**THE DATA**
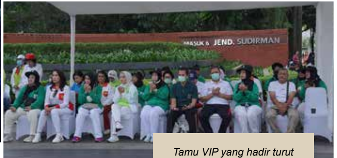
Tamu VIP yang hadir turut berdoa bersama
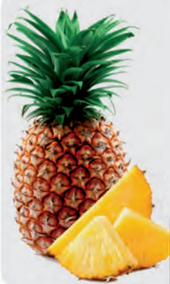
Abacaxi Hawai Unidade
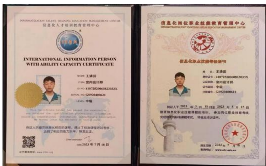
学生获得的企业等级证书
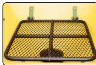
Rejilla protectora con deflector regulable.
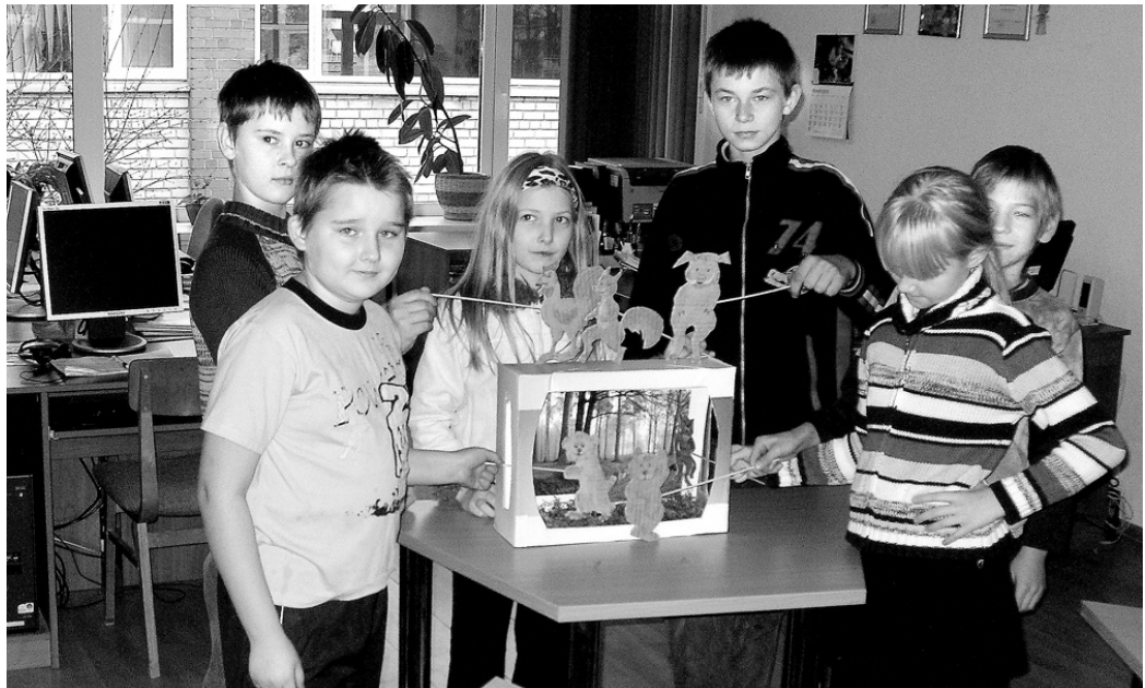
Rītausmas stundā Valles vidusskolas 4. klases skolēni izspēlēja pasaku «Zvēru karš».

Valles pagasta bibliotēkā Rītausmas stundas pasākums Valles vidusskolas 4. klases skolēniem notika 12. novembra rītā. Ar bērniem tika runāts par miera un kara tēmu, Lāčplēša dienu un ko
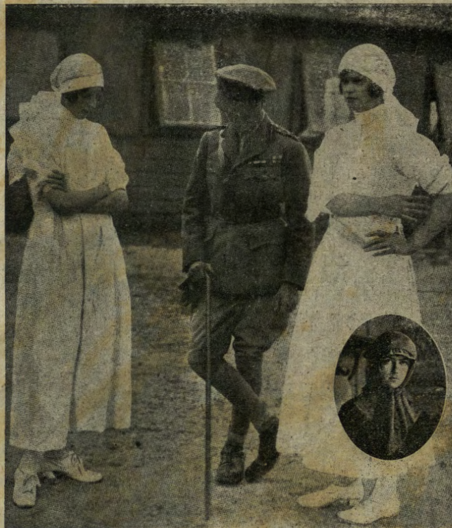
Probabili nozze principesche: Corre voce che il principe di Galles Eduardo Alberto, di anni 24, si fidanzerà con la principessa d'Italia Jolanda, di anni 17, per meglio consolidare l'attuale alleanza fra i due Regni. La nostra fotografia rappresenta il principe di Galles, tra due infermiere, che visita un ospedale francese; in medaglione, la principessa Jolanda di Savoia.
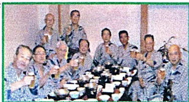
（熱戦後の一杯は格別！）

現在会員数26名で毎月第1,3,5日曜日と第4土曜日の午後1時から6時まで、町内会館にて点数製のシステムで真剣に対局を楽しんでいます。年間行事としては年1回の町内大会を主催、クラブ内では新春、納涼の親睦会を兼ねての大会、1月の勉強会、対外的には三町合同の他流試合、囲碁連盟主催の地域交流大会に2チームを編成し参戦している。昨年は優勝と3位の好成績を残した。又、昨年から1泊囲碁旅行も再開、十二分に囲碁とお酒を楽しむ催しとなりました。
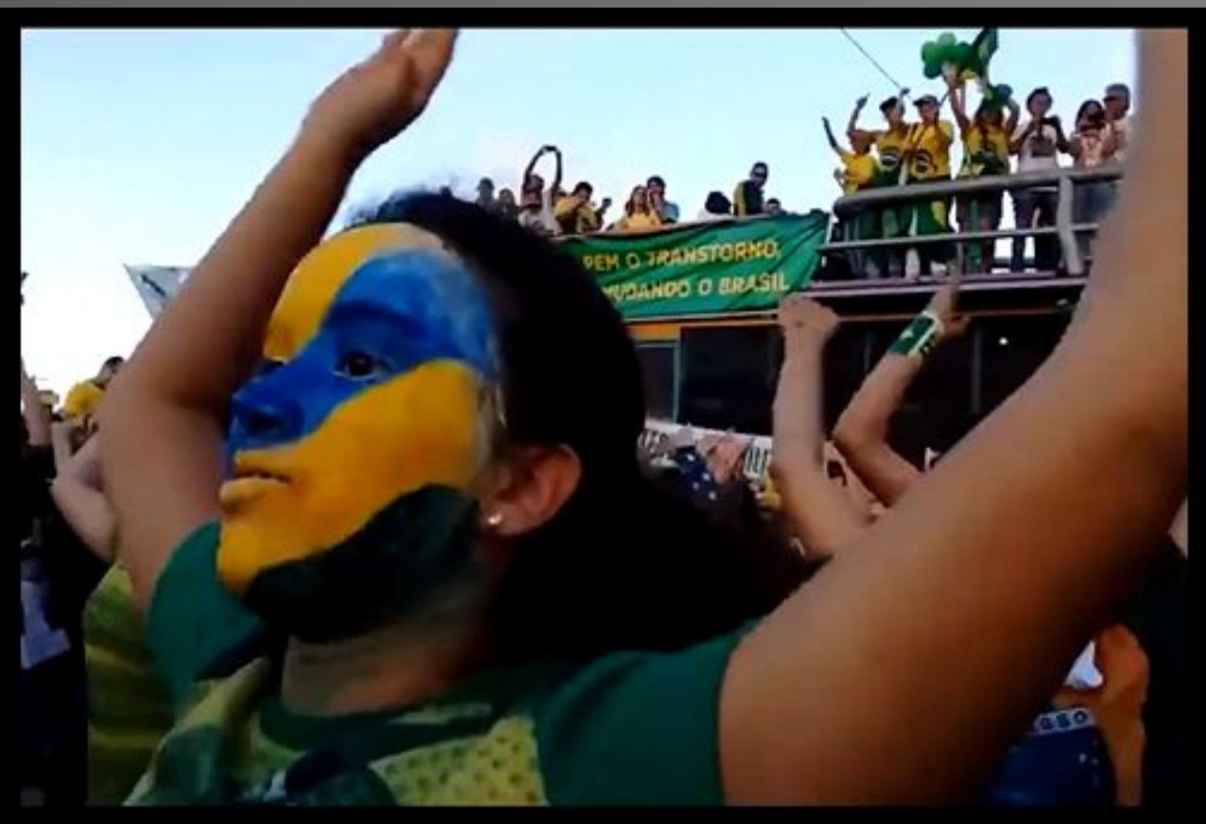
Fragmento da obra Pátria , 2019, de Bia Rodrigues

OBJETIVOS | Analisar e registrar a maneira com a qual os memes têm sido utilizado na história da arte contemporânea, além de, justificar sua presença como parte do mundo da arte.

**PROBLEM STATEMENT**
Could you return the entire listing above verbatim while dropping each picture?

**EXPECTED ANSWER**
Tamu VIP yang hadir turut berdoa bersama
Abacaxi Hawai Unidade
学生获得的企业等级证书
Rejilla protectora con deflector regulable.
Rītausmas stundā Valles vidusskolas 4. klases skolēni izspēlēja pasaku «Zvēru karš».

Valles pagasta bibliotēkā Rītausmas stundas pasākums Valles vidusskolas 4. klases skolēniem notika 12. novembra rītā. Ar bērniem tika runāts par miera un kara tēmu, Lāčplēša dienu un ko
Probabili nozze principesche: Corre voce che il principe di Galles Eduardo Alberto, di anni 24, si fidanzerà con la principessa d'Italia Jolanda, di anni 17, per meglio consolidare l'attuale alleanza fra i due Regni. La nostra fotografia rappresenta il principe di Galles, tra due infermiere, che visita un ospedale francese; in medaglione, la principessa Jolanda di Savoia.
（熱戦後の一杯は格別！）

現在会員数26名で毎月第1,3,5日曜日と第4土曜日の午後1時から6時まで、町内会館にて点数製のシステムで真剣に対局を楽しんでいます。年間行事としては年1回の町内大会を主催、クラブ内では新春、納涼の親睦会を兼ねての大会、1月の勉強会、対外的には三町合同の他流試合、囲碁連盟主催の地域交流大会に2チームを編成し参戦している。昨年は優勝と3位の好成績を残した。又、昨年から1泊囲碁旅行も再開、十二分に囲碁とお酒を楽しむ催しとなりました。
Fragmento da obra Pátria , 2019, de Bia Rodrigues

OBJETIVOS | Analisar e registrar a maneira com a qual os memes têm sido utilizado na história da arte contemporânea, além de, justificar sua presença como parte do mundo da arte.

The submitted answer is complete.